After soldiering through the preface, the introduction, the essay on the stories’ origins and cultural effects, and the first 19 tales, I skipped ahead to the biographical essay, the Grimms’ original prefaces, and the collected quotes on fairy tales; then I went back and read two more of the more iconic tales, carried it around in my messenger bag for another week or so, and tapped out, returning it to the library. I knew that it would take me a while to read the entire collection, but it was not the volume of tales to read that tried my patience in the end. It was the sterile imagination of both the Grimm’s versions of the tales and Tatar’s annotations.

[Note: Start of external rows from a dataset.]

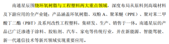 南通星辰是国内环氧树脂和工程塑料领域头部企业,掌握了聚苯醚(PPE)和聚对苯二甲酸丁二酯(PBT)技术,其PPE产能位居国内首位、全球第二,改性PBT、改性PPE等改性工程塑料产品也居国内前列。
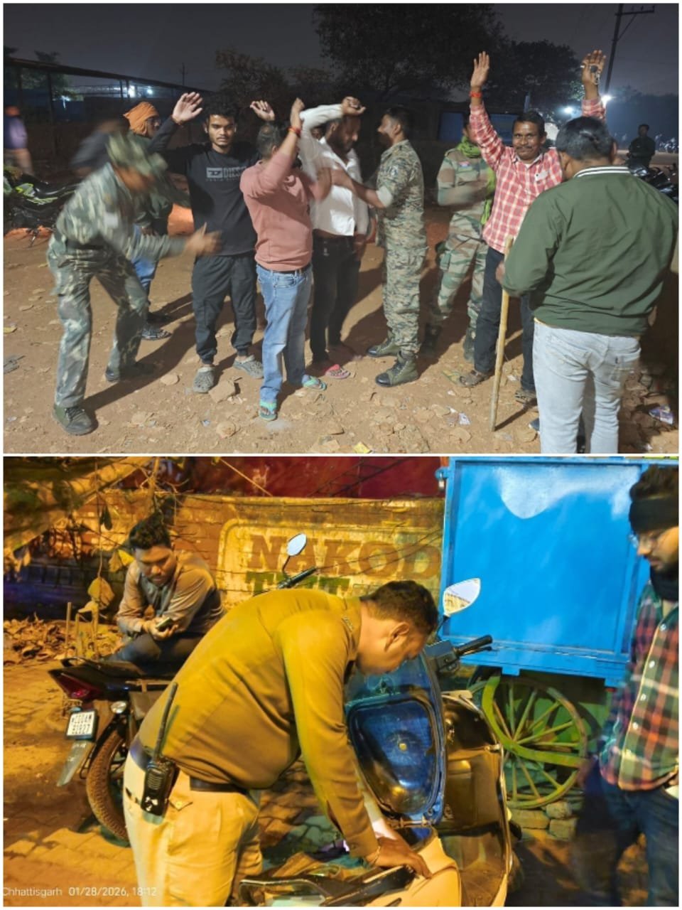 जिसके तारतम्य में आज दिनांक 28.1.2026 को अतिरिक्त पुलिस उपायुक्त आकाश मरकाम, सहा. पुलिस आयुक्त उरला सुश्री पूर्णिमा लामा, सुश्री मानसी नानाभाउ साकोरे (प्रशिक्षु भा.पु.से.) तथा थाना प्रभारियों के नेतृत्व में थाना क्षेत्रों में स्थित शराब भठठी, मुर्रा भठ्ठी, मच्छी तालाब, गोगांव एवं सतनामी पारा में पैदल पेट्रोलिंग करतें हुए संदिग्ध व्यक्तियों, आपरधिक तत्वों की चेकिंग अभियान चलाया गया है।
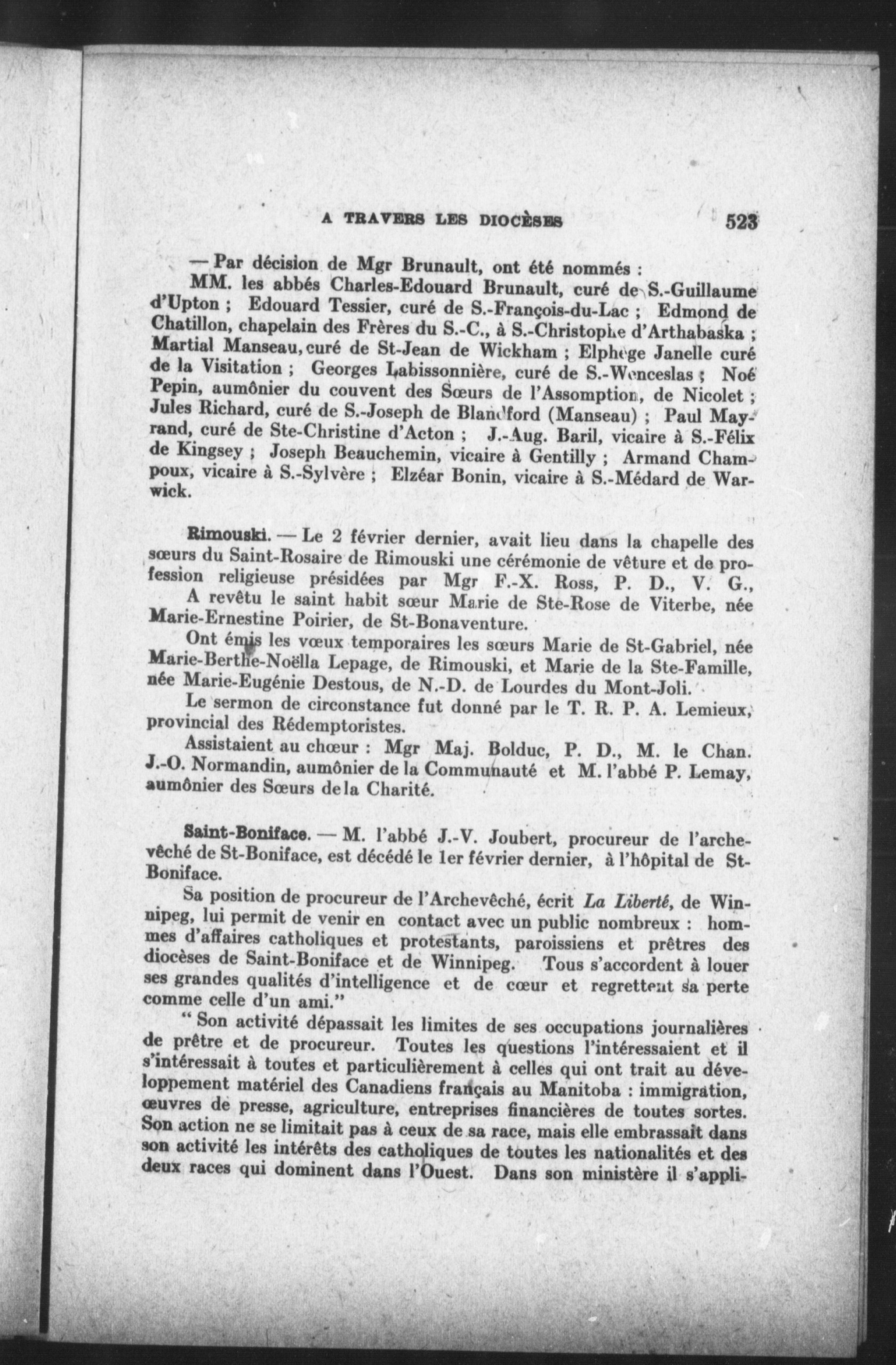 - Semaine religieuse de Québec et Bulletin des oeuvres de l'Action sociale catholique
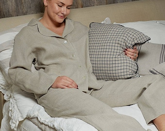 Linen PAJAMAS set, Grey women's homewear, Women's linen sleepwear, Stone washed linen pajamas, Linen PJ's, Organic linen pyjamas set

For many, the Grimms’ accomplishment as the saviors of these iconic stories goes appreciated from a distance. Because the stories are known to most of us from their Disney incarnations, and from the versions that our parents told us from memory at bedtime, we don't feel the need to look into the Grimms’ versions. I had heard several times that the Grimm Brothers supply a darker, more realistic side of the stories that Uncle Walt and co. painted over in bright pastels. Having now read many of the tales, I have to say that the promised darkness is mostly absent. These versions are more violent, certainly, but the violence lacks stakes, just like the violence Kevin McCallister uses against the Wet Bandits, Harry and Marv.
The darker undertones of the stories were not excised by Disney from the Grimms, but rather the Grimm’s had already done most of the sterilizing for the sake of children by the time Disney got to them. The Grimms were not writers of fiction; they were researchers and collectors, and it shows. There is little to no narrative craft evident in any of the stories here present. Jakob and Wilhelm Grimm were not interested in taking on the roles of raconteurs, but instead collected simple, emblematic versions of the tales that serve as blueprints for invention, rather than as engaging acts of storytelling in their own right.
These stories only really come alive when gifted storytellers bring their own unique voices to bear on them. Even Disney’s aggressively family-friendly animated classics are actually an improvement on the versions collected here rather than a disservice to them. Only serving to compound the Grimms’ unimaginative and didactic narratives, are Tatars annotations. Among the many side-notes littering the page margins are such gems as “the Grimms added maxims like this one to strengthen the moral backbone of the tale,” and "Maternal love, protection, and security are established from the start as a sharp contrast to the threat embodied in the wolf, who will be introduced as a predator whose gluttony knows no limits. The mother is nurturing and loving; the wolf is interested only in indulging his desires. The distinction between mother goat and wolf takes concrete form in the quality of voice and color of feet. The mother’s voice is sweet, the wolf’s is rough; the mother’s paws are white, the wolf’s are black."Not only have the Grimms already employed the most transparent and hamfisted means to get their point across, Tatar then talks down even more to the reader by pointing out these techniques as though they needed clarification. It’s not unlike questioning a parent’s decision and getting the response, “Because I said so,” rather than an actual explanation for their decision, and then having a nosy spinster aunt chirping in to say, “Listen to your parents. They know what’s best for you.”
Especially offensive is the degree to which the Grimms pervert Nature to assure their protagonists’ triumph. Nature is not something that the characters observe and try to understand, and then use to their advantage when possible, and occasionally find has bigger concerns than them. Nature in these fairy tales-- both human nature and nature in general-- is not a wilderness, it is a garden that is carefully pruned, and groomed into a more pleasant form. I do not hold that the fairy tale moniker is excuse enough for these grievances. One can write a story that is uplifting and optimistic without being insulting, and the Grimms failed to do so. An individual who views Nature as the Grimms did will most likely find themselves greatly disillusioned when faced with the real thing.Writers like Angela Carter have shown that it is well within the capability of a fairy tale to reveal the complexities of human nature and the role of humans in nature with far more insight.
Perhaps at some point I will return to this collection to peruse some of the lesser known stories for some hidden gems, but for now my patience is spent. If anyone can give me a specific recommendation that gives the lie to the accusations I have laid out, I would hear it gladly. Until that time “A Jew in the Brambles” can wait.